Dirjen Bea dan Cukai: Perlu Revisi UU Kepabeanan
Berita

Dirjen Bea dan Cukai: Perlu Revisi UU Kepabeanan

Jakarta, hukumonline. Kerugian negara akibat pelanggaran kepabeanan selama 2000 mencapai Rp1,798 triliun. Penyelundupan marak karena banyaknya intervensi dalam ketentuan bea dan cukai. Dirjen Bea Cukai mengusulkan agar UU No.10 Tahun 1995 tentang Kepabeanan agar direvisi.

Ari/APr
Bacaan 2 Menit

Revisi UU No.10 Tahun 1995

Permana mengemukakan bahwa Direktorat Jendral  Bea dan Cukai setelah 5 tahun berlakunya UU No. 10 Tahun 1995 masih merasakan adanya kekurangan. Misalnya saja kurang luasnya kewenangan yang diberikan oleh UU No. 10 Tahun 1995 kepada pihak Bea dan Cukai dalam melakukan pengawasan pengangkutan barang-barang antar-pulau.

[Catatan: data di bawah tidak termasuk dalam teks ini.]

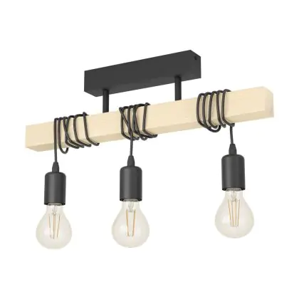 Eglo Plafondlamp Townshend Staal Hout Zwart Bruin | IP20 - Geschikt voor 3x E27
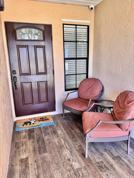Discover this beautifully spacious 3 bedroom, 2 bathroom home featuring a 2 car garage and an enclosed Florida room that adds flexible living space ideal for work, relaxation, or entertaining. The primary suite offers a private ensuite bathroom and a generous walk in closet, creating a comfortable and inviting retreat. The updated kitchen features granite countertops, stainless steel appliances, wood cabinetry, and a cozy eat in area perfect for casual dining. A formal dining room with a wet bar provides an excellent setting for hosting guests. This home feels bright and airy with vaulted ceilings, abundant storage, and hurricane impact windows throughout. A charming screened front patio welcomes you, while the private backyard offers a peaceful escape with no rear neighbors,
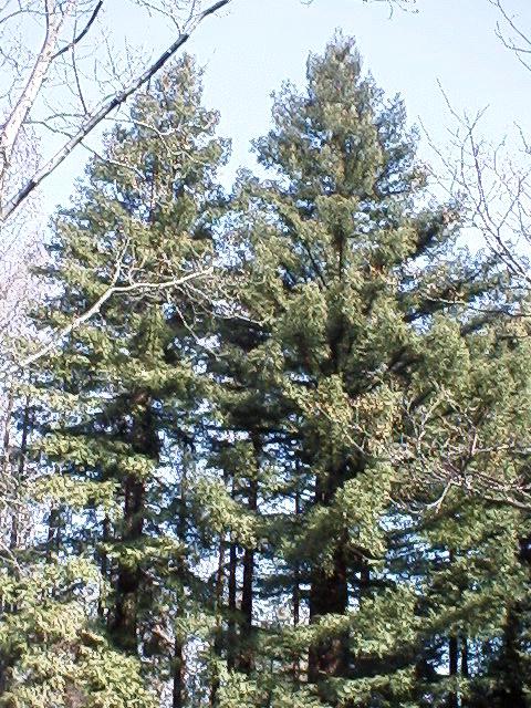 残念ながら、日本では植物園でしかセコイアを見ることは出来ない。写真は大阪市立大学植物園で写したものである。 メタセコイアは落葉樹であるが、セコイアは常緑である。雄花は黄色で葉の先端に付き、2−4月に開花する。雌花は緑色で、2cm程の球果になり、秋には褐色に変わる。 学名は、Sequoia sempervirensでスギ科セコイア属である。日本名はイチイモドキあるいはセコイアメスギと呼ばれている。類似の木でセコイアオスギ(Sequoiadendron giganteum) と呼ばれるものは、葉の開きが扁平でなく、スギに似ている。これもカリフォルニア原産である。 |
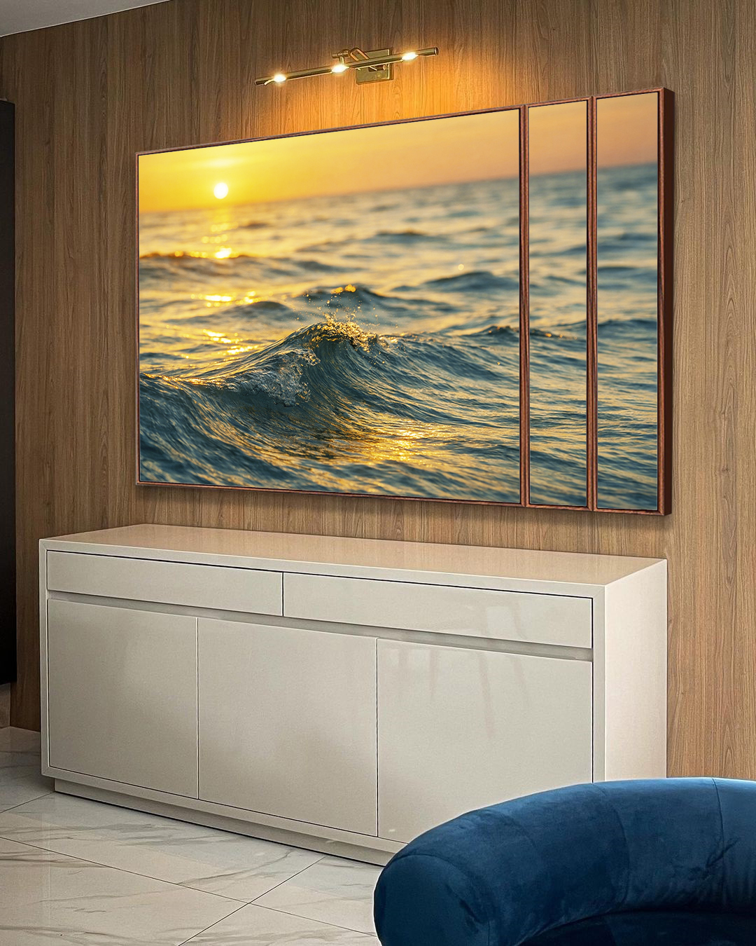 Pôr do sol sobre o mar com ondas suaves e brilho prateado que transmite paz e elegância. Ideal para sala de estar, quarto, escritório, consultório ou casa de praia. Perfeito para decoração litorânea, estilo contemporâneo e ambientes relaxantes.

Atas hal tersebut, Permana mengharapkan adanya suatu revisi terhadap UU No. 10 Tahun 1995. Revisi itu dengan menambahkan kewenangan yang dimiliki pegawai Bea dan Cukai dalam melakukan pengawasan pengangkutan barang-barang antar-pulau.

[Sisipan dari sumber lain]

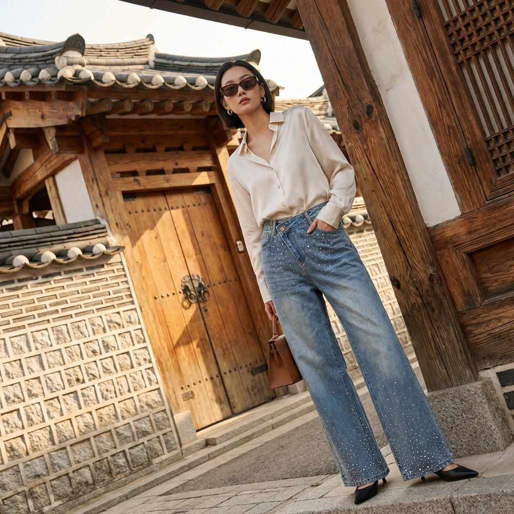 Jean droit vintage bleu pour un look streetwear décontracté K-fashion

"Kalau diperhitungkan dengan menambahkan kewenangan akan menimbulkan ekonomi biaya tinggi, maka tidak usah dilakukan terhadap semua barang.. ya.. untuk barang-barang tertentu dan daerah-daerah tertentu saja. Tapi itu terserah anggota dewan," ujar Permana.

Ditanya mengenai konsep serta strategi dan perangkat yang digunakan Dirjen Bea dan Cukai dalam upaya memberantas penyelundupan, Permana mengemukakan bahwa dalam hal konsep memang Indonesia nomor satu. "Namun kalau sudah masuk kepada implementasinya, kita berada di urutan paling belakang" cetusnya. Hal tersebut, menurut Permana, disebabkan oleh banyaknya intervensi dalam penanganan Bea dan Cukai.

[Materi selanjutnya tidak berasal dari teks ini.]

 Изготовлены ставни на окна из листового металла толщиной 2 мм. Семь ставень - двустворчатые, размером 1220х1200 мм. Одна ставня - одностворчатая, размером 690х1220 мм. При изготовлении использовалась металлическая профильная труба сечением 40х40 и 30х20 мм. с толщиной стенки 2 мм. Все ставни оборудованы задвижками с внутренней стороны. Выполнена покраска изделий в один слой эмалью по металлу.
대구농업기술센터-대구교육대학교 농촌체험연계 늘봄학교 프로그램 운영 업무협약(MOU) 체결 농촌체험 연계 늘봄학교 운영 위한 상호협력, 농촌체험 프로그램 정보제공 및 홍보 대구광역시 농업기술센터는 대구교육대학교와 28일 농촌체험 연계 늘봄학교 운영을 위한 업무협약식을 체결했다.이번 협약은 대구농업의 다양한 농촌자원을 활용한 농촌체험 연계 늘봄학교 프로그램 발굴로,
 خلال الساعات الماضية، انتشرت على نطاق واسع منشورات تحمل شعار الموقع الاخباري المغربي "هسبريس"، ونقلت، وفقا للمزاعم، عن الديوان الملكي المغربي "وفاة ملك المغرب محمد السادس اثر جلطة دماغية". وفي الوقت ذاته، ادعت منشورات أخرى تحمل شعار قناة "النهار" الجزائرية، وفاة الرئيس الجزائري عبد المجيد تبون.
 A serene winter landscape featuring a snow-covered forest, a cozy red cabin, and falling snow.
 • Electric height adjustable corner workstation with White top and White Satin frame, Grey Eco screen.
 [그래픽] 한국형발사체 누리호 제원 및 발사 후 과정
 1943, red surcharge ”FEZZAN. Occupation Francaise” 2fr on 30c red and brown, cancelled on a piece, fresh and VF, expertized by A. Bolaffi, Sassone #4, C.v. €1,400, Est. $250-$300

Intervensi tersebut dapat berasal dari Pelindo, Sah Bandar, truk pengangkut, sampai kepada masalah Perbankan. "Semua intervensi tersebut sangat mempengaruhi pelaksanaan serta implementasi dari ketentuan yang ada," ujarnya. Namun, Permana tidak menyebutkan intervensi mana yang paling memberikan pengaruh terhadap pelaksanaan ketentuan di bidang Bea dan Cukai.